We consider first the submatrix enclosed by a solid black square in Fig. 3, which represents the pairwise interactions between the bases on different strands, i.e., the interactions of bases X13–X19 with bases Y13–Y19.

The first eye catching feature of this matrix is that the strongest inter-strand interaction is due to WC base pairing, which corresponds to the diagonal elements of this submatrix. In contrast, inter-strand stacking is effective only for the bases on neighboring sites, i.e., for the X(x)⋯Y(x + 1) and X(x + 1)⋯Y(x) interactions. These results are remarkable because they provide a first theoretical validation of popular nearest neighbor (NN) models92–100 for predicting thermodynamic data of given DNA sequences.

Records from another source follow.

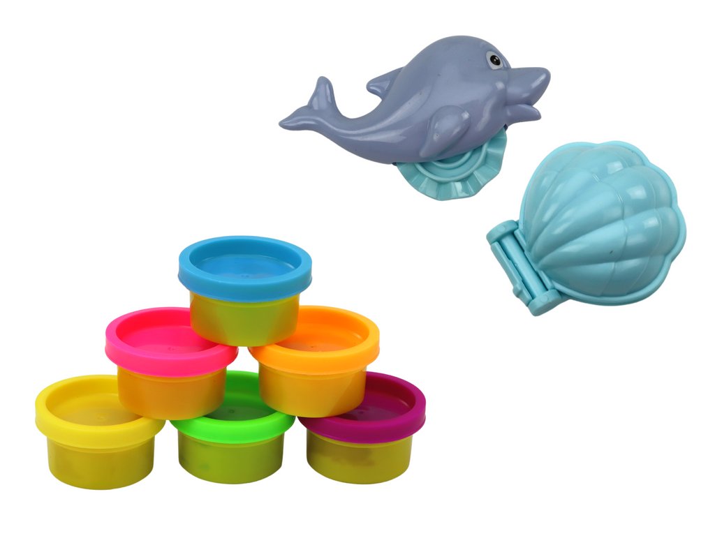 Комплект моделин динозавър 6 цвята форми делфинче мида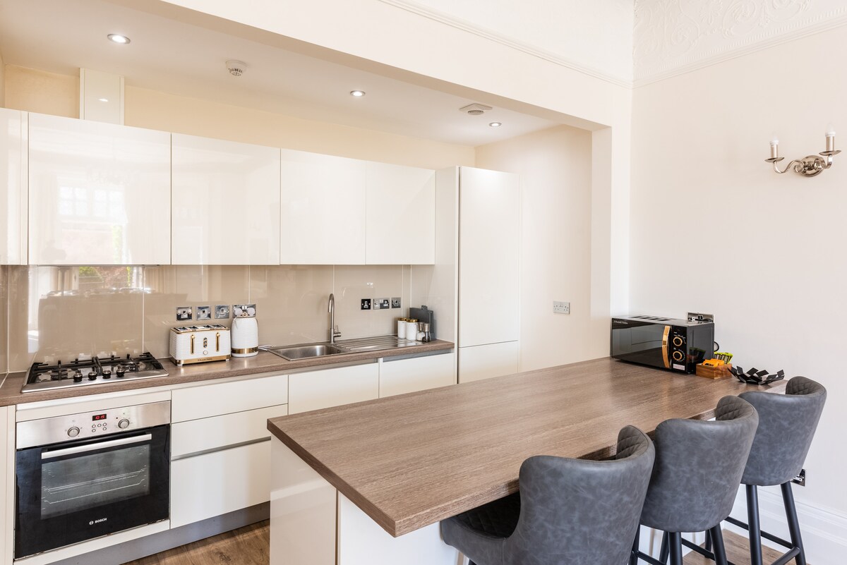Un apartament minunat cu trei dormitoare la parter, cu grădină privată, la numai 1 minut de peluze și plajă. Strict fără petreceri. Apartamentul are multe piese de epocă uimitoare, de la tavane duble cu înălțime, cu înveliș decorativ, șeminee originale, uși din sticlă pătată și parchet. Avem trei dormitoare mari cu paturi matrimoniale și saltea cu spumă cu memorie. Trei dușuri/băi. Wi-Fi de mare viteză. Bucătărie complet echipată și sală de mese și un televizor inteligent LG de 60”.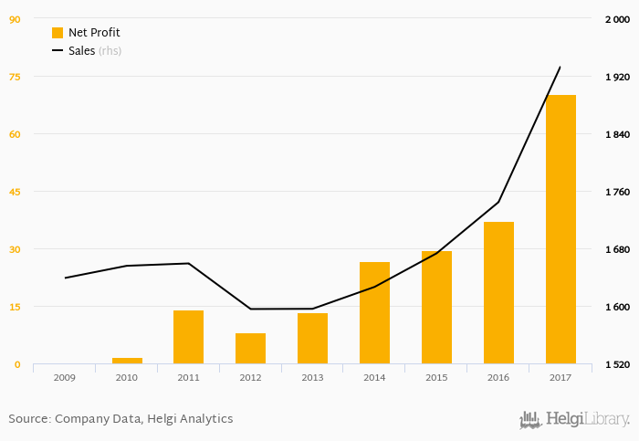 Sales have grown by 3.91% a year on average since 2012. They reached a high of CZK 1,933 mil in 2017 and a low of CZK 1,596 mil in 2012.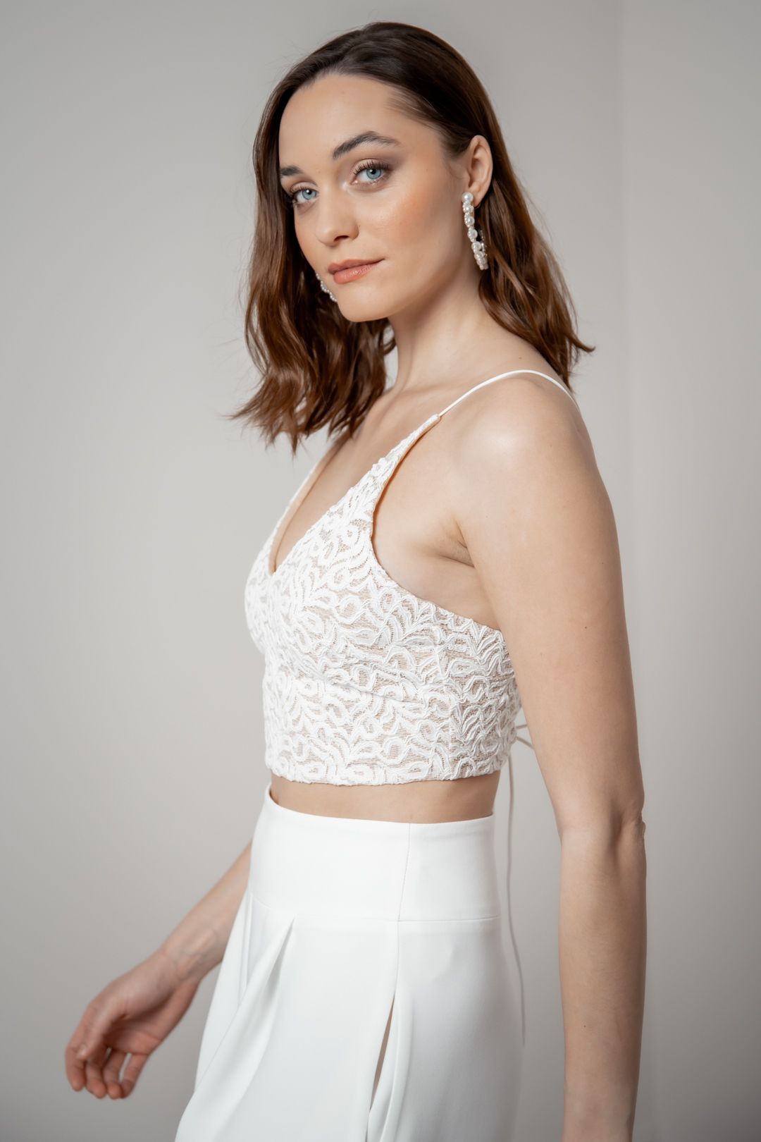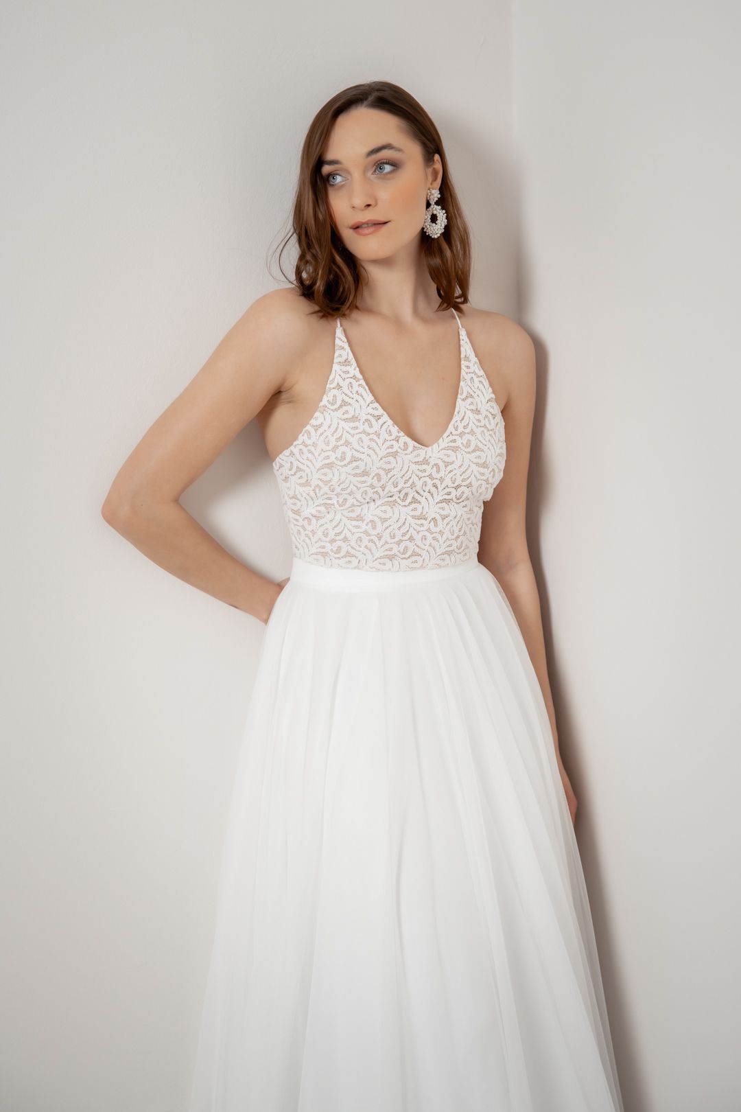 Freie Schultern, ein ornamentales Spitzenmuster im Vintage-Style, ein verführerischer V-Ausschnitt und ein nahezu freier Rücken mit sinnlicher Schnürung – fertig ist unser Filiz Braut Top! Ideal als Oberteil für moderne und selbstbewusste Bräute, die ihre Vorzüge gerne in Szene setzen.

In fact, NN models assume no interaction between distant bases and consider only the interaction between adjacent pairs.

Moreover, our analysis also demonstrates that, due to the right-handed helical structure of B-DNA, the bases at sites X(x + 1) and Y(x) show larger overlaps than those at X(x) and Y(x + 1). Thus, the X(x + 1)⋯Y(x) stacking interactions are attractive and much stronger than the X(x)⋯Y(x + 1) stacking interactions, with the latter being usually very small or even repulsive (see the non-diagonal elements of the submatrix). We have illustrated this feature of B-DNA by plotting the schematic ladders tilted. This interesting pattern of stacking interactions is consistent with the observation that DNA sequences having the same GC-content do not necessarily have the same interaction energies,101 and stacking interactions among unnatural nucleobases that cannot form H-bonds are strong enough to keep the two strands together.102

The non-diagonal elements in the upper and lower triangular submatrices in Fig. 3 show how interactions between the base pairs on the same strand are affected by the inter-strand interaction. These numbers are essentially negligible in all cases, demonstrating that there is essentially no cooperativity between intra-strand stacking and inter-strand base pairing.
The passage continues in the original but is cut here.